>>

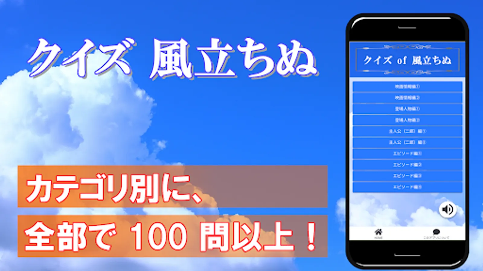 In this app, all questions such as the story of the movie "The Wind Rises", characters and various episodes, music and public information are set by category.
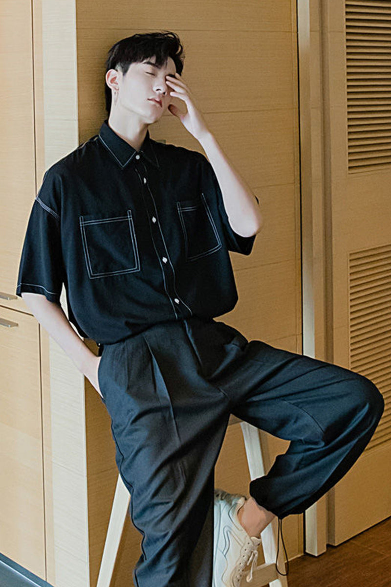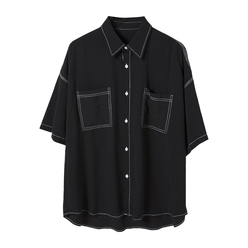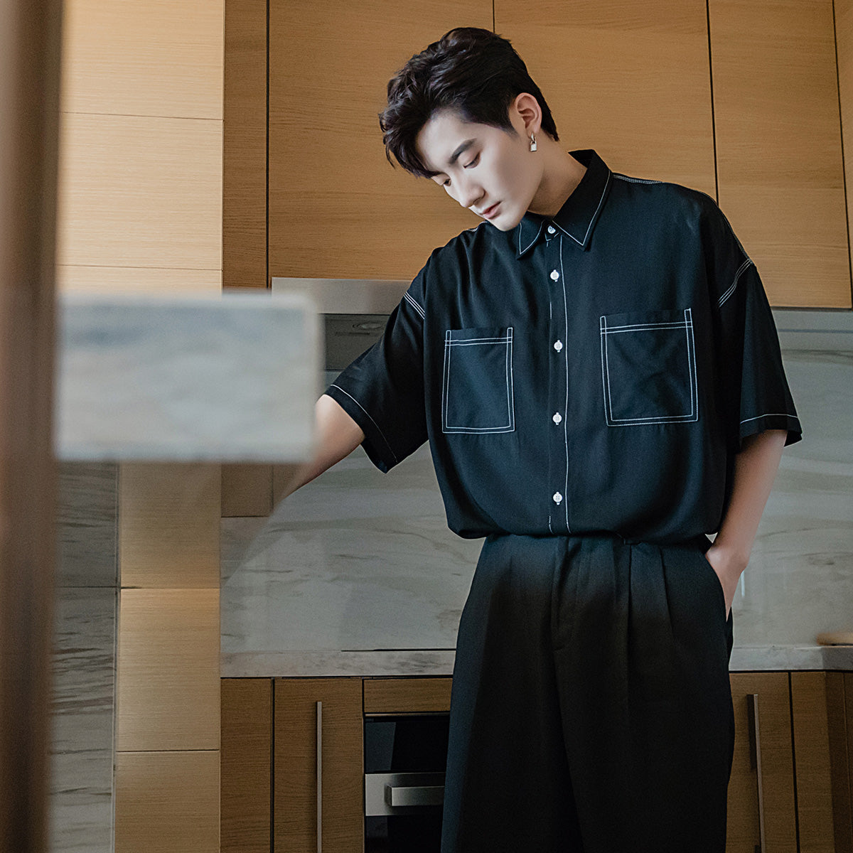 CHIC ERRO Chic Erro summer short-sleeved shirt male Korean version of the trend handsome loose men's trendy black ice silk shirt
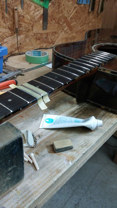 アコギはネック、サドル弦高調整後にフレットを磨いて仕上げました。
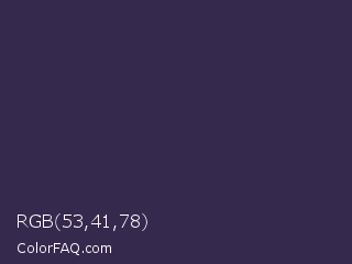 RGB 53,41,78 Color is a dark indigo color and the nearest color is Martinique #363050. Hex code #35294e and RGB value is rgb(53,41,78). In RGB color space, this color is composed of 21% red, 16% green, 31% blue, In CMYK color space, this color is composed of 32% cyan, 47% magenta, 0% yellow , 69% black , In HSL color space, this color has a hue angle of 259° , 31% saturation and 23% lightness.
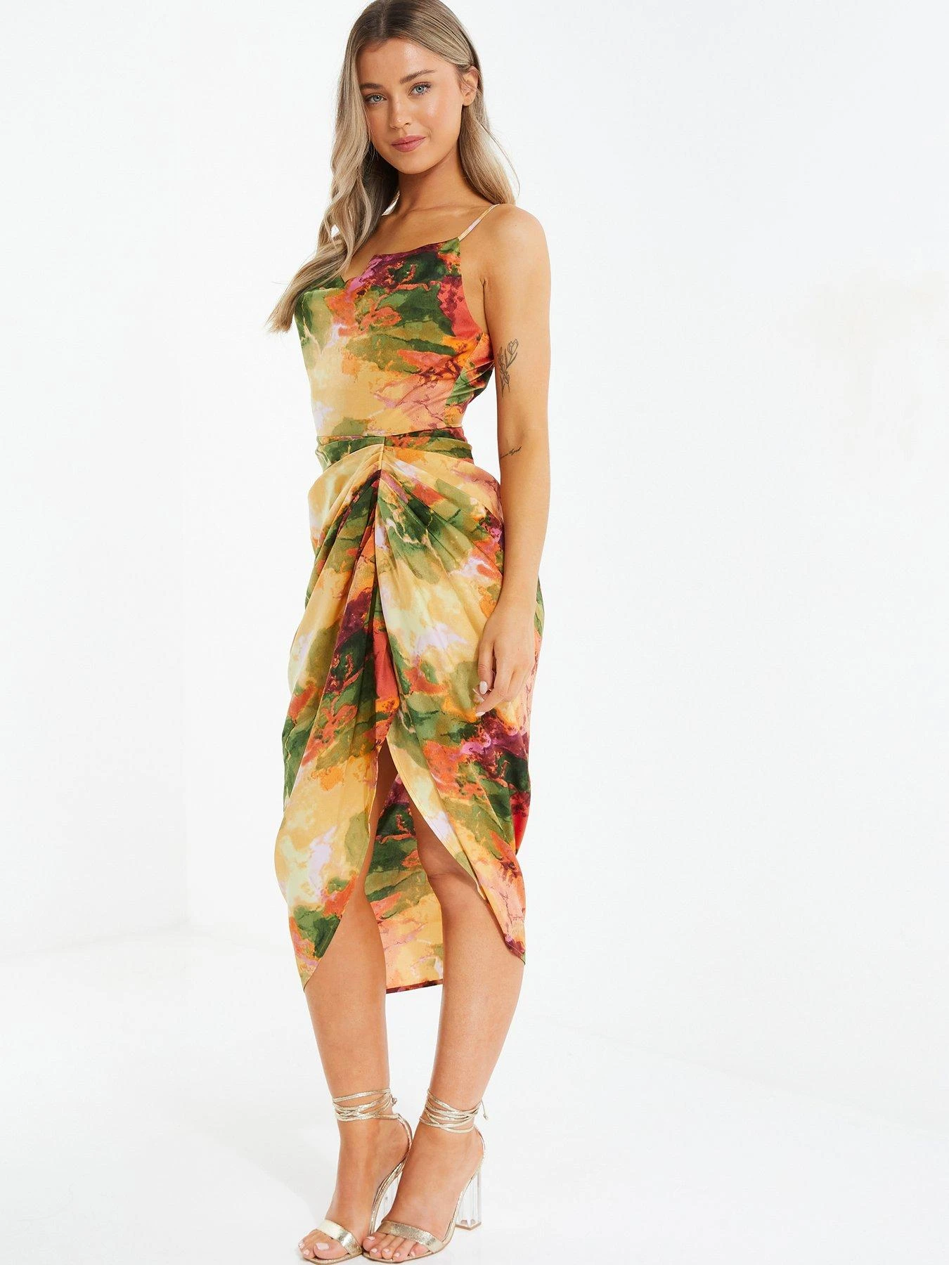 Quiz Petite Multicolored Satin Marble Print Ruched Midi Dress
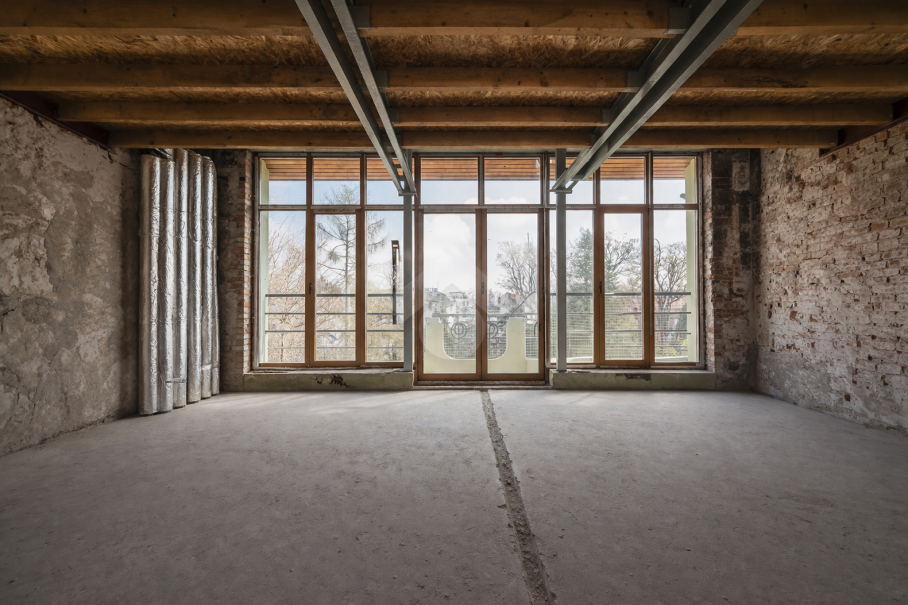 Stan lokalu: Do remontu. Obecnie właściciel jest w trakcie przygotowywania projektu prac remontowych, co daje możliwość potencjalnemu najemcy dopasowania układu nieruchomości do swoich potrzeb. W pokojach na ścianach wyeksponowana oryginalna cegła natomiast struktura podłogi do ustalenia. Olbrzymim atutem mieszkania jest „ściana okien”, która tworzy okazałą przestrzeń oraz doprowadza do lokalu dużą ilość światła.

<<

• Task objective
Return the listing above unchanged, apart from dropping its pictures.

• Answer to the exercise
 In this app, all questions such as the story of the movie "The Wind Rises", characters and various episodes, music and public information are set by category.
 CHIC ERRO Chic Erro summer short-sleeved shirt male Korean version of the trend handsome loose men's trendy black ice silk shirt
 アコギはネック、サドル弦高調整後にフレットを磨いて仕上げました。
 RGB 53,41,78 Color is a dark indigo color and the nearest color is Martinique #363050. Hex code #35294e and RGB value is rgb(53,41,78). In RGB color space, this color is composed of 21% red, 16% green, 31% blue, In CMYK color space, this color is composed of 32% cyan, 47% magenta, 0% yellow , 69% black , In HSL color space, this color has a hue angle of 259° , 31% saturation and 23% lightness.
 Quiz Petite Multicolored Satin Marble Print Ruched Midi Dress
 Stan lokalu: Do remontu. Obecnie właściciel jest w trakcie przygotowywania projektu prac remontowych, co daje możliwość potencjalnemu najemcy dopasowania układu nieruchomości do swoich potrzeb. W pokojach na ścianach wyeksponowana oryginalna cegła natomiast struktura podłogi do ustalenia. Olbrzymim atutem mieszkania jest „ściana okien”, która tworzy okazałą przestrzeń oraz doprowadza do lokalu dużą ilość światła.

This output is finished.